I’ll go out there right away, Guthrie said. As soon as I leave here. What else do you need me to do?

I don’t know. Well, there’s the horses too. If you don’t mind.

I’ll check them.

And can I check on things in the house? Maggie Jones said.

Oh, Raymond said. He turned to look at her. No. I don’t want you to bother. It’ll be a mess in there.

I’ve seen plenty of messes before, she said.

Well. I don’t know what to say.

Just try to rest. That’s all you have to do.

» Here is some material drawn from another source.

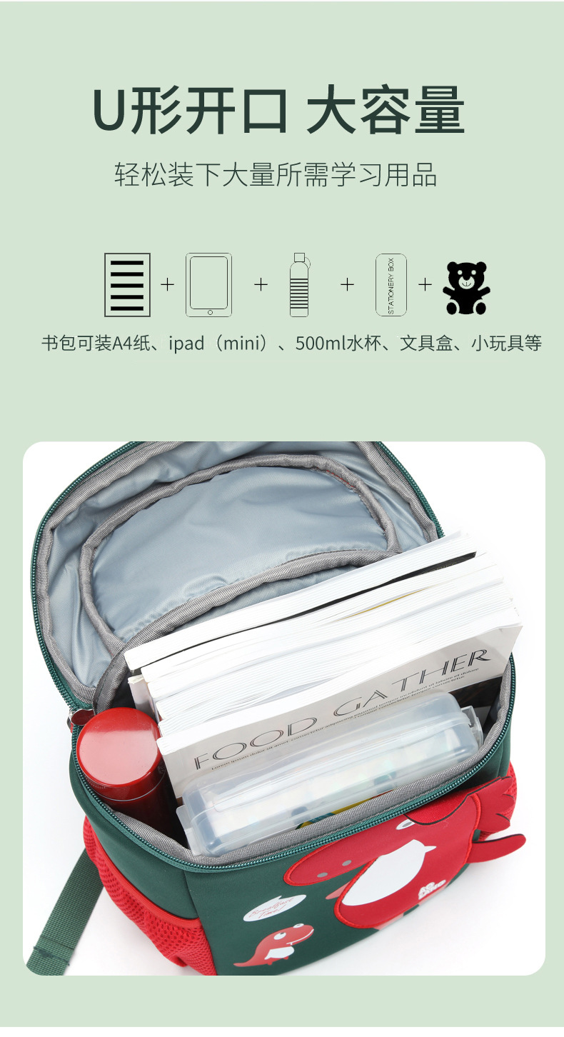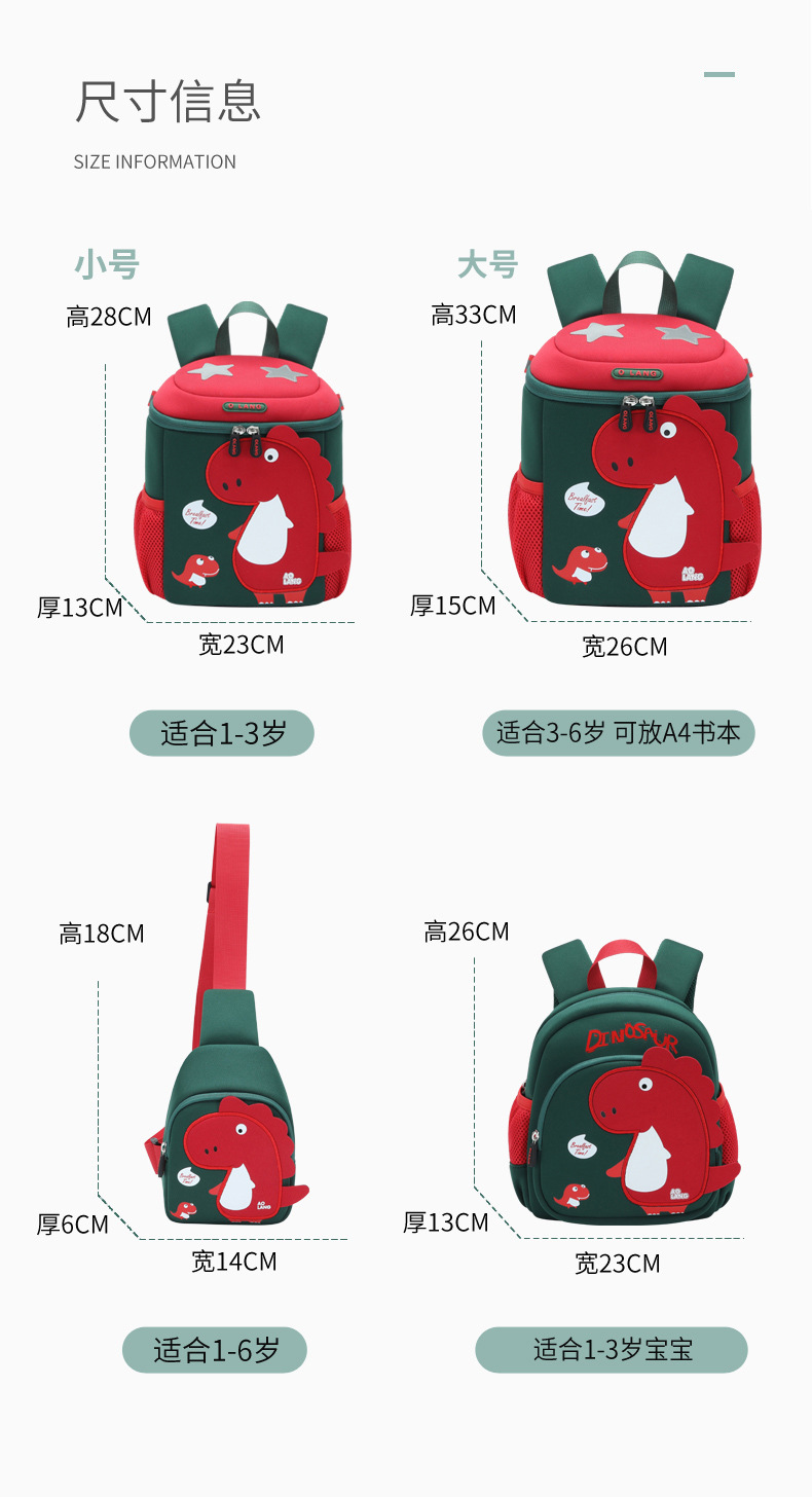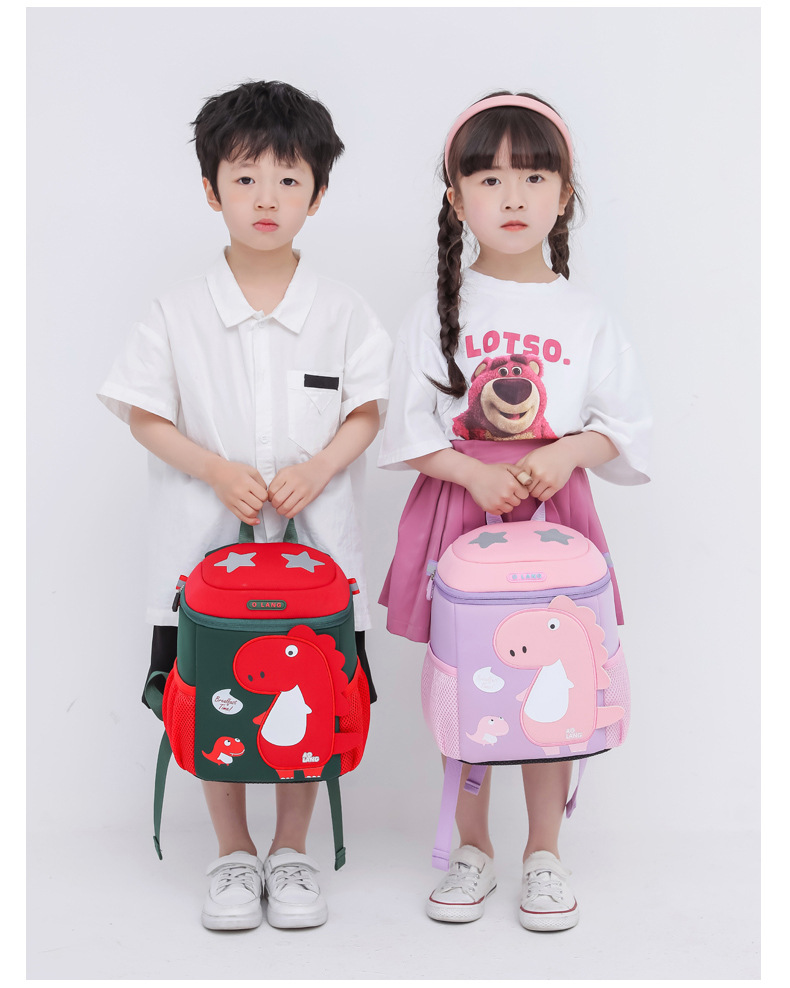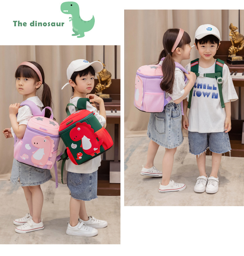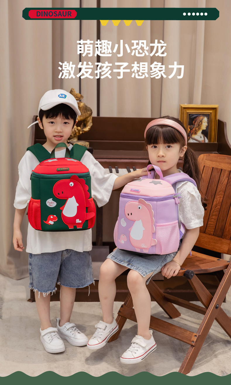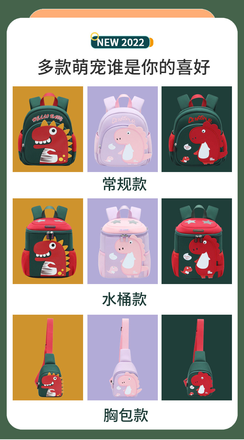 새로운 유치원 가방 귀여운 공룡 가방 만화 버킷 가방 통기성 방수 다이빙 소재 가죽 크로스 바디 가방
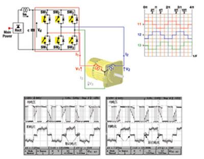 如果需要更高的效率和性能,就必须通过脉宽调制(PWM)方法来产生正弦波。为了更进一步的改进效率,还可以使用空间向量调制方法。

I can’t, Raymond said. I shut my eyes and every time I see Harold out there in the corral. Laying out there in the dirt and the bull hitting him again.

He was looking at Maggie’s face as he talked, looking up at her as though he were pleading some case that was already lost but one that he couldn’t let go of. There were tears in his eyes.

Yes, Maggie said. I know. You’ll be able to rest pretty soon. She touched his shoulder and smoothed back the stiff iron-gray hair on his round head. He felt ashamed to have her touch him in this manner but he allowed it for a moment. Then he moved his head from under her hand and turned away. Maggie was crying now too. Beside her Guthrie stood watching the old man. He wanted to think of words that would make some difference but there were none in any language he knew that were sufficient to the moment or that would change a single thing. They stayed quiet for some time.